What the task requires:
In the entries that follow, copy exactly each line from the first through the line with "Bracelet fantaisie composé".

Dataset excerpts:
Start of Block
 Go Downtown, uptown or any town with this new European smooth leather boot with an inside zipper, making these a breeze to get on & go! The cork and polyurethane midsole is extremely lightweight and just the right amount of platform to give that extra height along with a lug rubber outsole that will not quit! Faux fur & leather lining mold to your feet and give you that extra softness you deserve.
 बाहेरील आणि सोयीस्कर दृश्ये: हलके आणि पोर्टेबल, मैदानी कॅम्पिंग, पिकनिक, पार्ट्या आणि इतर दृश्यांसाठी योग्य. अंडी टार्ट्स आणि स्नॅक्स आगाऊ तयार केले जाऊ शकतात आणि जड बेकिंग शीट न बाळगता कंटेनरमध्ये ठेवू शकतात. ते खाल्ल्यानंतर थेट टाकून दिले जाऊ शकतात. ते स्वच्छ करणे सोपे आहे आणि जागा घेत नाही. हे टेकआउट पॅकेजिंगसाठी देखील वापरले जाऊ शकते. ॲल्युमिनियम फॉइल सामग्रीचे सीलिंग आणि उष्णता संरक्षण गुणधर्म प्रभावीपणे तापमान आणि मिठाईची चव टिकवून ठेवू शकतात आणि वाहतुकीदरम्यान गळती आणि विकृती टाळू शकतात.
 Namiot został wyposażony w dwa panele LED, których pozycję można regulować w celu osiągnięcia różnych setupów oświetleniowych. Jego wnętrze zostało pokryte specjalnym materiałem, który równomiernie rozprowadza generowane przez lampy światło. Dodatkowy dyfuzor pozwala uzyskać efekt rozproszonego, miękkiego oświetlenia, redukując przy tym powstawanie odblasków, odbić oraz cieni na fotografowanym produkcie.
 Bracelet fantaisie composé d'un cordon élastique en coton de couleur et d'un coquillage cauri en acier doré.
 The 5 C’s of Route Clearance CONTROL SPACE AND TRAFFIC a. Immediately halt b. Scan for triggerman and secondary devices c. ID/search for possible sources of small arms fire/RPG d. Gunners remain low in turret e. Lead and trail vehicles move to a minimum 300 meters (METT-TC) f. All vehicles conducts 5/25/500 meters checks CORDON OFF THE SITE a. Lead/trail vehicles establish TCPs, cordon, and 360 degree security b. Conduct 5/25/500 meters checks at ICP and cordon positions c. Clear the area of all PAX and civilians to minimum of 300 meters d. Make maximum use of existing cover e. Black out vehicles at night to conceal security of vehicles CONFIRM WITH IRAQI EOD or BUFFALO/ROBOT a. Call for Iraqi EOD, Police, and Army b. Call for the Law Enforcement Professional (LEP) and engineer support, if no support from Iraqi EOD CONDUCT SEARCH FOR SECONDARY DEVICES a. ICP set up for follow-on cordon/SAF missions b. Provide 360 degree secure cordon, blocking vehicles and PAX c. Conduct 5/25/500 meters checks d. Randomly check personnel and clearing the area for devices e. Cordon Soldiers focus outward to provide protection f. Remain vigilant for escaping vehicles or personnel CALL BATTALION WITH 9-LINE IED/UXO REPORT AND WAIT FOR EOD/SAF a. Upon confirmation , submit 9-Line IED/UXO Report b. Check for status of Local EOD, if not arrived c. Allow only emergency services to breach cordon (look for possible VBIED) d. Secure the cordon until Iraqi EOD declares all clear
End of Block
Your solution:
 Go Downtown, uptown or any town with this new European smooth leather boot with an inside zipper, making these a breeze to get on & go! The cork and polyurethane midsole is extremely lightweight and just the right amount of platform to give that extra height along with a lug rubber outsole that will not quit! Faux fur & leather lining mold to your feet and give you that extra softness you deserve.
 बाहेरील आणि सोयीस्कर दृश्ये: हलके आणि पोर्टेबल, मैदानी कॅम्पिंग, पिकनिक, पार्ट्या आणि इतर दृश्यांसाठी योग्य. अंडी टार्ट्स आणि स्नॅक्स आगाऊ तयार केले जाऊ शकतात आणि जड बेकिंग शीट न बाळगता कंटेनरमध्ये ठेवू शकतात. ते खाल्ल्यानंतर थेट टाकून दिले जाऊ शकतात. ते स्वच्छ करणे सोपे आहे आणि जागा घेत नाही. हे टेकआउट पॅकेजिंगसाठी देखील वापरले जाऊ शकते. ॲल्युमिनियम फॉइल सामग्रीचे सीलिंग आणि उष्णता संरक्षण गुणधर्म प्रभावीपणे तापमान आणि मिठाईची चव टिकवून ठेवू शकतात आणि वाहतुकीदरम्यान गळती आणि विकृती टाळू शकतात.
 Namiot został wyposażony w dwa panele LED, których pozycję można regulować w celu osiągnięcia różnych setupów oświetleniowych. Jego wnętrze zostało pokryte specjalnym materiałem, który równomiernie rozprowadza generowane przez lampy światło. Dodatkowy dyfuzor pozwala uzyskać efekt rozproszonego, miękkiego oświetlenia, redukując przy tym powstawanie odblasków, odbić oraz cieni na fotografowanym produkcie.
 Bracelet fantaisie composé d'un cordon élastique en coton de couleur et d'un coquillage cauri en acier doré.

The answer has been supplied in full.